Working data
* * * * *

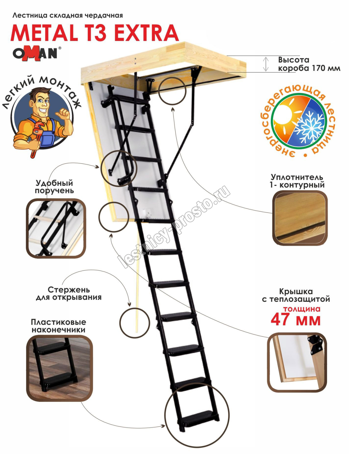 Чердачная складная лестница OMAN Metal T3 EXTRA
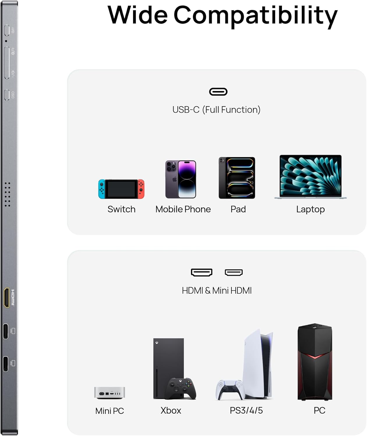 [Seamless Compatibility] With USB-C and mini HDMI ports, it connects seamlessly to laptops, gaming consoles, phones, and more. Offers multiple display modes: duplicate, extend, second screen. Supports plug-and-play connectivity. Ensuring stable data transmission
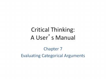 <Notice: Removed> Critical Thinking: A User PowerPoint PPT Presentation
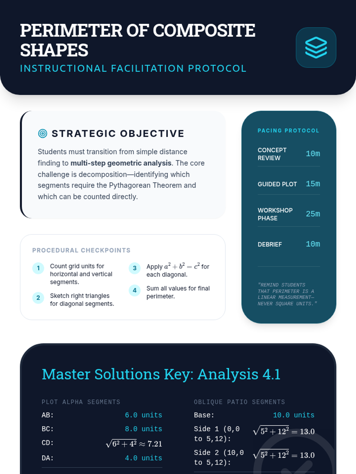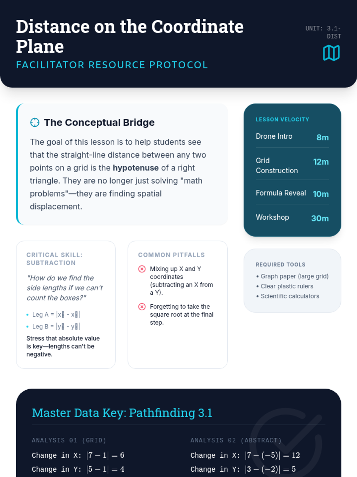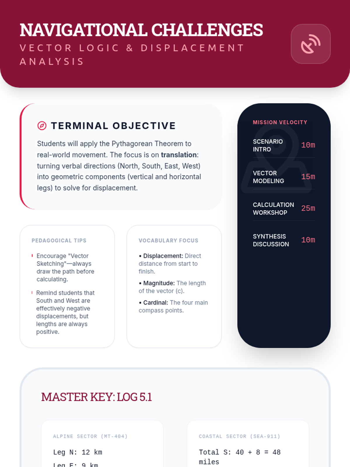 An advanced geometry sequence focusing on solving for missing legs, identifying triples, and applying the Pythagorean Theorem to coordinate geometry and real-world navigation.
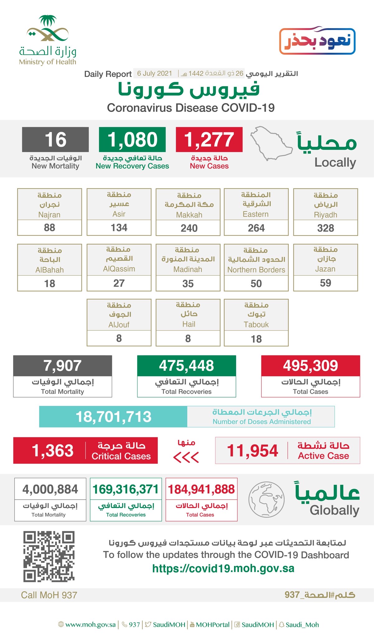 كما أعلنت الصحة عن تسجيل ”1080“ حالة تماثلت للشفاء، ليصل مجموع المتعافين إلى ”475448“ حالة تعافي، فيما ارتفع إجمالي الوفيات في المملكة إلى 7907 حالة بعد تسجيل ”16“ حالة وفاة جديدة.
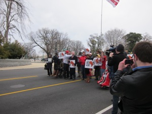 Instead, just about two dozen protestors, many of whom appeared to have come over from the Occupy D.C. encampment at McPherson Square, stepped into the eastbound lanes of Independence Avenue, holding DC Vote signs and placards opposing language in the budget resolution that would extend a ban on the use of District funds to pay for abortions that was implemented in an earlier federal budget standoff. In a statement released after the House voted 296-121 to approve the resolution, Del. Eleanor Holmes Norton said: “It is especially ironic that the final sticking point in the negotiations on the conference report was how to promote democracy in Cuba while the bill tramples on democracy in the ‘capital of the free world with a rider keeping its residents from spending their own local funds on abortion services for low-income women.’ “

* * * * *

What is required
The answer must be an exact copy of the records above, with the pictures left out.

Response to the task
 Чердачная складная лестница OMAN Metal T3 EXTRA
 [Seamless Compatibility] With USB-C and mini HDMI ports, it connects seamlessly to laptops, gaming consoles, phones, and more. Offers multiple display modes: duplicate, extend, second screen. Supports plug-and-play connectivity. Ensuring stable data transmission
 <Notice: Removed> Critical Thinking: A User PowerPoint PPT Presentation
 An advanced geometry sequence focusing on solving for missing legs, identifying triples, and applying the Pythagorean Theorem to coordinate geometry and real-world navigation.
 كما أعلنت الصحة عن تسجيل ”1080“ حالة تماثلت للشفاء، ليصل مجموع المتعافين إلى ”475448“ حالة تعافي، فيما ارتفع إجمالي الوفيات في المملكة إلى 7907 حالة بعد تسجيل ”16“ حالة وفاة جديدة.
 Instead, just about two dozen protestors, many of whom appeared to have come over from the Occupy D.C. encampment at McPherson Square, stepped into the eastbound lanes of Independence Avenue, holding DC Vote signs and placards opposing language in the budget resolution that would extend a ban on the use of District funds to pay for abortions that was implemented in an earlier federal budget standoff. In a statement released after the House voted 296-121 to approve the resolution, Del. Eleanor Holmes Norton said: “It is especially ironic that the final sticking point in the negotiations on the conference report was how to promote democracy in Cuba while the bill tramples on democracy in the ‘capital of the free world with a rider keeping its residents from spending their own local funds on abortion services for low-income women.’ “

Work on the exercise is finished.